26. There is no particular statute or Portuguese law which confers any right on the petitioner to get an import licence in the circumstances in which it was issued to him. Even if pre-liberation laws continued to be in force with effect from 5 March, 1962 that would not take away power of the Central Government to modify or alter the preexisting procedure for issuing import licences, after liberation, in exercise of its executive powers under Article 73(1) of the Constitution.
27. The petitioner contended that the original concern was an importer registered with the Junta prior to December, 1961. The respondents denied that allegation. The petitioner in the rejoinder alleged that it is to be presumed that the original importer must have been registered with the Junta, prior to the liberation. No materials were shown to establish that the original concern was a regular registered importer. The contention on behalf of the respondents that the licence was issued without following the regular procedure and by inadvertence or mistake is borne by the facts and circumstances of the case particularly because the Chief Civil Administrator had no authority to issue any import licences in contravention of the directions of the Central Government issued on 3 January, 1962.
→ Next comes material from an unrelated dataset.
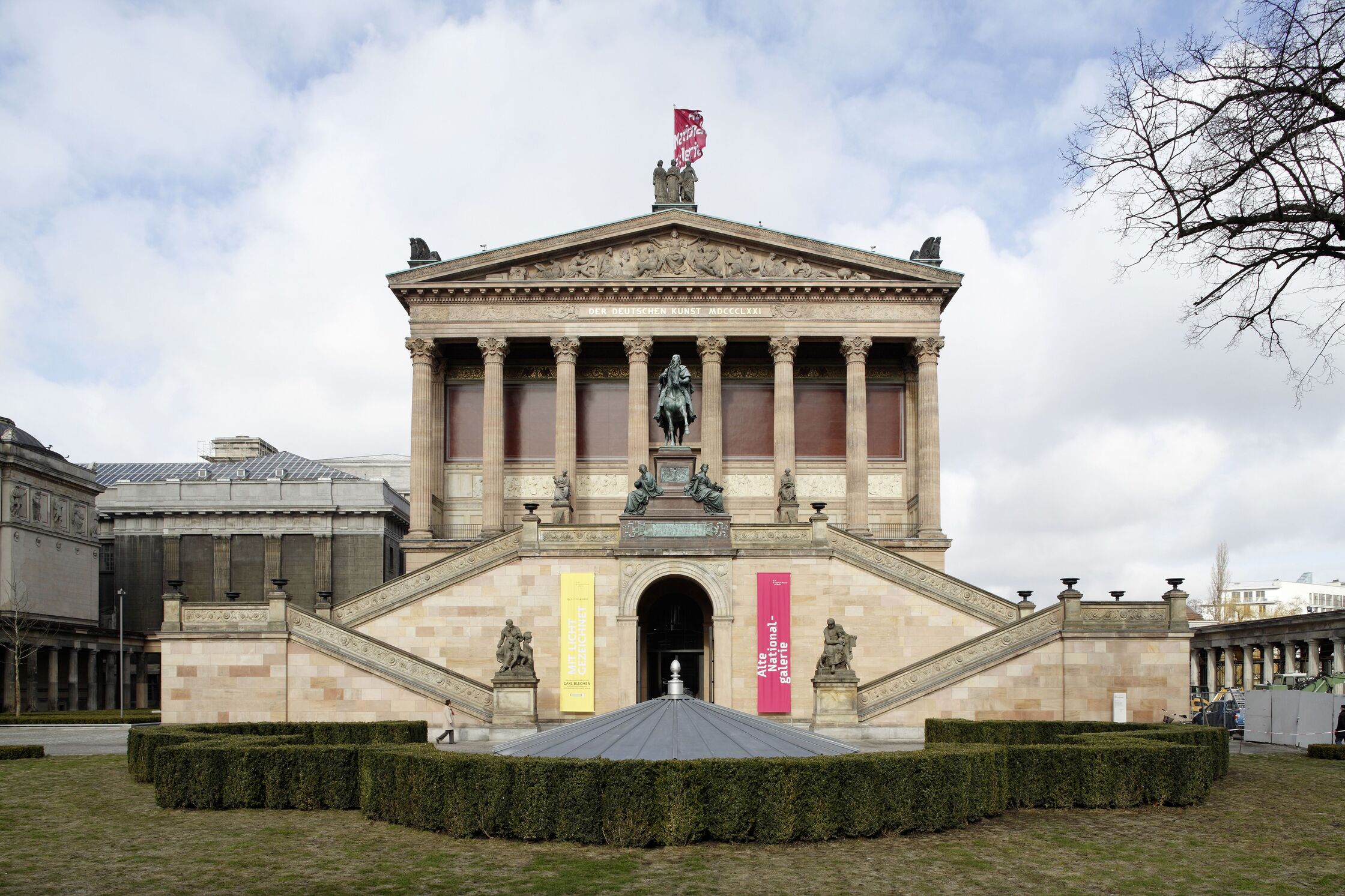Die prächtige vorgelagerte Freitreppe ist ohne Funktion, sie dient einzig der Ästhetik und als Sockel für das Reiterstandbild König Friedrich Wilhelms IV.: Dieses Gebäude sollte die Liebe zur deutschen Kunst beheimaten und dem Willen zum Einheitsstaat Gestalt verleihen. Entstanden ist es im 19. Jahrhundert dank einer Bürgerinitiative, weshalb dem König der Name der «National-Galerie» lange nicht behagte. Im 20. Jahrhundert schrieb ihr Mies van der Rohes Neue Nationalgalerie die Rolle der grossen Schwester zu. Von Anfang an war die Alte Nationalgalerie zu mehr geboren, als «nur» Museum zu sein. So blickt sie erhaben auf ihre berühmten Nachbarn, auf Schinkels Altes Museum und Stülers Neues Museum. Sie ist die kapriziöse Prinzessin unter den Königshäusern auf der Museumsinsel. Nun strahlt ihre gereinigte Sandsteinhaut wieder und ist leicht gerötet. Am Sonntag wird die Alte Nationalgalerie nach umfassender Sanierung wieder eröffnet - erstmals seit dem Zweiten Weltkrieg sind dann ihre Bestände wieder vereint.

28. The petitioner relied on the decision of this Court in Andhra Industrial Works v. Chief Controller of Imports and Ors. : 1SCR321 in support of the proposition appearing at page 1542 of the Report. The proposition stated there in that one of the instances in relation to laws regulating the citizen's right to carry on trade or business guaranteed by Article 19(1)(g) may be catalogued as where the impugned action is based on a misconstruction of the intra vires statute or is so contrary to the established procedure or rules of natural justice that it results in violation of a fundamental right. In the case of Andhra Industrial Works (supra) the proposition which was extracted from Ujjambai's case (supra) is that an order of assessment made by an authority under a taxing statute which is intra vires, cannot be challenged under Article 32 as repugnant to Article 19(1)(g) on the sole ground that it is based on a misconstruction of a provision of the Act or of a notification issued thereunder. In Ujjambai's case (supra) it was said that when assessment proceedings are repugnant to rules of natural justice there is an infringement of the right guaranteed under Article 19(1)(f) and 19(1)(g). In support of that proposition reference was made to Tata Iron and Steel Co. Ltd. v. S. R. Sarkar : 1SCR379 , K. T. Moopil Nair v. The State of Kerala : 3SCR77 and Shri Madanlal Arora v. The Excise and Taxation Officer : 1SCR823 .
29. In the case of Andhra Industrial Works (supra) an objection was raised on behalf of the respondents that the petition was not competent because there was no violation of fundamental rights. This Court upheld that objection and said that neither the Imports and Exports (Control) Act nor any order thereunder was alleged to be ultra vires nor was the Import Control Policy impeached. A policy statement was held to be not a statutory document. No person can on the basis of a policy statement claim a right to the grant of an import licence. This Court also held that there is no absolute right much less a fundamental right, to the grant of an import licence.
30. This Court in Deputy Assistant Iron and Steel Controller v. L. Manickchand, Proprietor, Katrella Metal Corporation, Madras : 3SCR1 held that no one has any vested right to an import licence in terms of the policy in force at the time of his application. There is no misconstruction of any statutory provision in the present case. In the present case, it cannot be said that there is no authority of law to reject an application for import licence.
31. For these reasons, the petition fails and is dismissed. Parties will pay and bear their own costs.